Evolution of the Theory of Basic Structure Doctrine
Over time, the idea of the constitution's fundamental design changed. With the aid of several important decisions pertaining to this theory, we will discuss this progression in this part.
Shankari Prasad Case of 1951
- In this instance, the SC argued that the ability of the Parliament to amend the Constitution under Article 368 also encompassed the ability to alter the Fundamental Rights protected by Part III.
Sajjan Singh case of 1965
- The Supreme Court ruled that any provision of the Constitution, including the Fundamental Rights, may be amended by the Parliament in this case as well.
- It is significant to note that two judges who dissented from the majority opinion, in this case, questioned whether the ruling party in Parliament could use the fundamental rights of individuals as a plaything.
Golaknath case of 1967
- The court's former position that the Fundamental Rights could be modified was reversed in this instance.
- It declared that the Fundamental Rights are not subject to the parliamentary restraint set forth in Article 13 and that a new Constituent Assembly will be needed to modify the Fundamental Rights.
- Additionally, it was noted that while Article 368 outlines the process for amending the Constitution, it does not grant Parliament the authority to do so. Fundamental Rights now hold a "transcendental standing" because to this case.
- The idea of implied restrictions on the Parliament's ability to modify the Constitution was used in the majority judgement. According to this perspective, the Constitution permanently secures the fundamental liberties of the people.
- These rights had been set aside by the people when they granted themselves the Constitution.
Kesavananda Bharati case of 1973
- This case served as a turning point in the development of the basic structure doctrine.
- The SC ruled that although the Parliament had the authority to amend any portion of the Constitution, including the Fundamental Rights, the fundamental framework of the Constitution can not be abolished even with the use of a constitutional amendment.

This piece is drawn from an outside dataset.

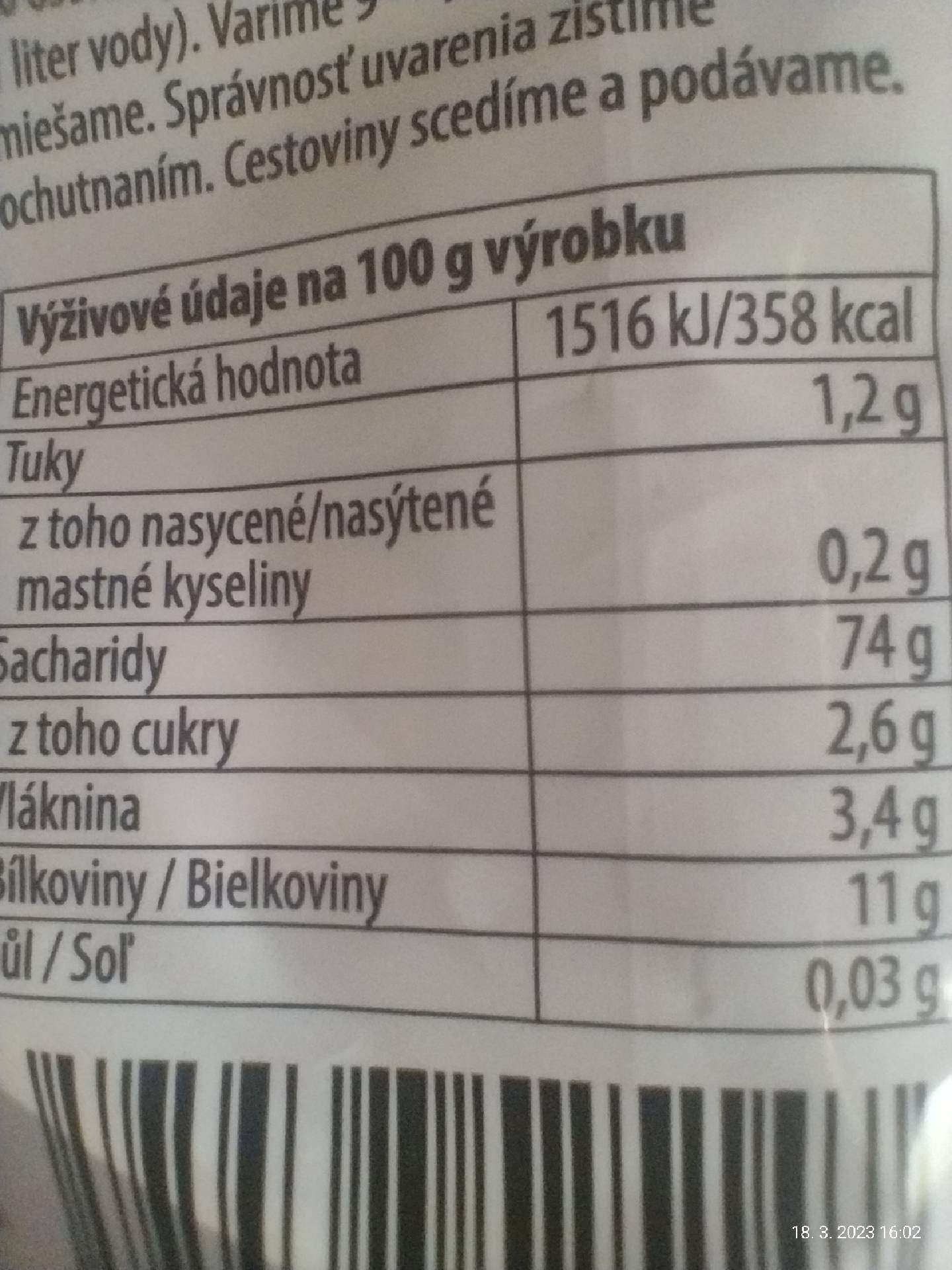 Nutriční hodnoty

- According to the ruling, the parliament may only change the constitution—not completely rewrite it. The power to alter is not the same as the power to destroy.

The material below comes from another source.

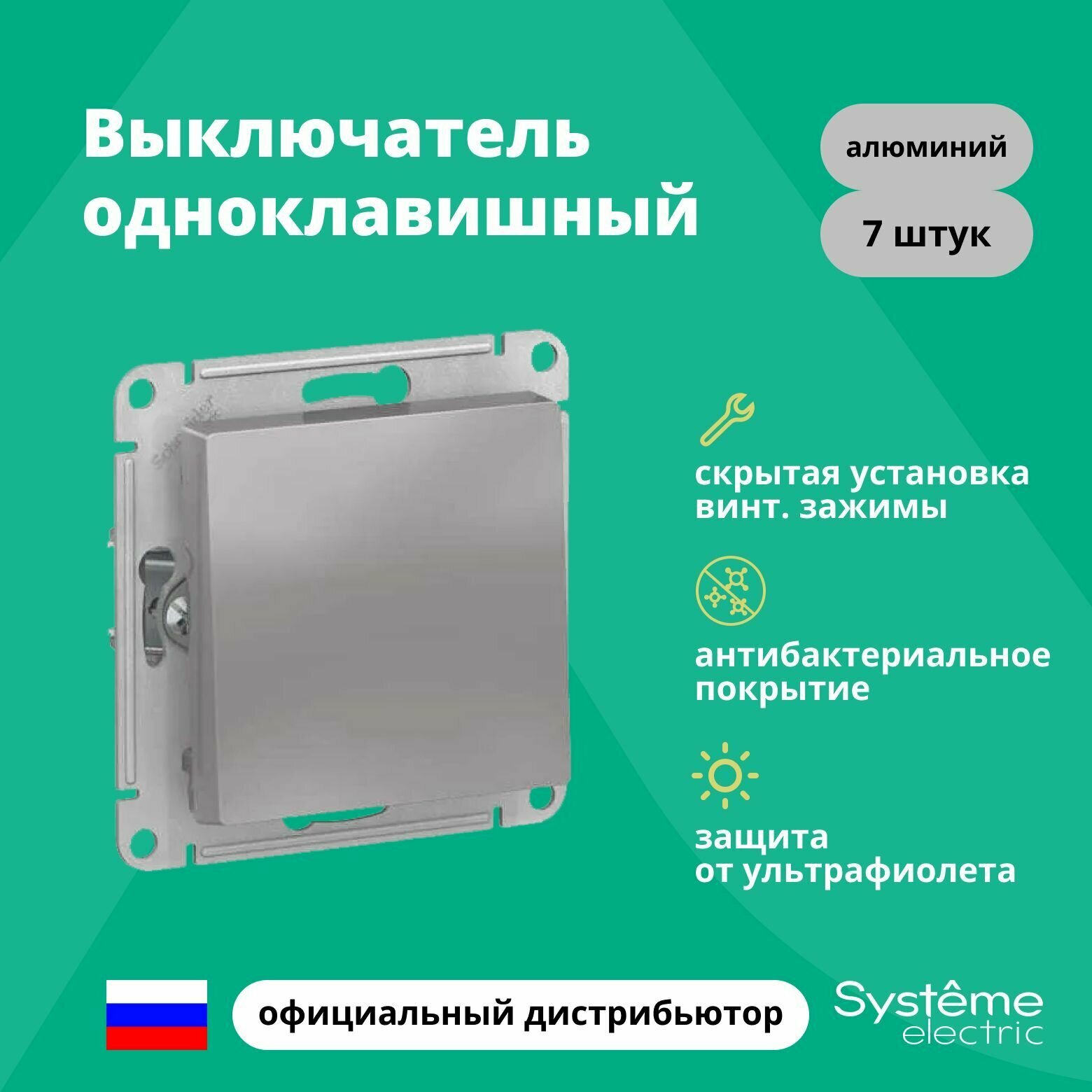 6 шт. Systeme Electric AtlasDesign Алюминий Переключатель 1-клавишный, сх.6, 10АХ, механизм ATN000361

- This is the legal justification under Indian law for the judiciary's power to invalidate any amendment made by Parliament that conflicts with the Constitution's fundamental principles.
Indira Nehru Gandhi v. Raj Narain case of 1975
- In this case, the SC used the basic structure theory to invalidate Clause(4) of Article 329-A, which was added by the 39th Amendment in 1975 on the premise that it was outside the scope of the Parliament's amending power because it damaged the fundamental elements of the Constitution.

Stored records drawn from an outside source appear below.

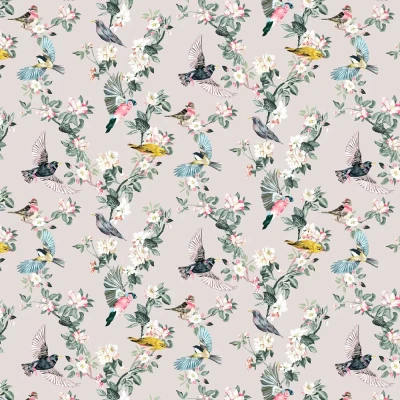 WallpaperDirectAn elegant paper featuring bright beautiful garden birds amongst flowers. Shown in the antique creme colourway.
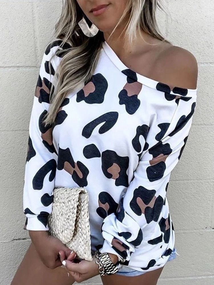 Leopard Standard Långärmad T-shirt För Kvinnor
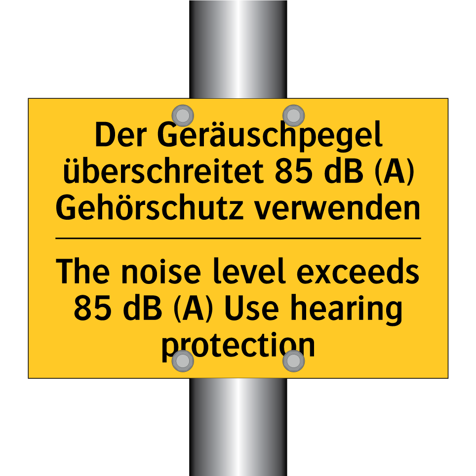 Zweisprachiges Warnschild mit deutschem Text Der Geräuschpegel überschreitet 85 dB (A) Gehörschutz verwenden und englischem Text The noise level exceeds 85 dB (A) Use hearing protection

- While the Emergency Period was going on, Parliament approved the 39th Amendment Act. This Act exempted the election of the Prime Minister, the Lok Sabha's speaker, the President, the Vice President, and the Vice President from judicial review.
- The government took this action to block Indira Gandhi from being tried by the Allahabad High Court for engaging in unethical electoral procedures.
Minerva Mills case of 1980
- The Basic Structure concept is once again strengthened by this instance. The ruling declared two modifications introduced to the Constitution under the 42nd Amendment Act of 1976 to be in violation of the fundamental framework and invalidated them.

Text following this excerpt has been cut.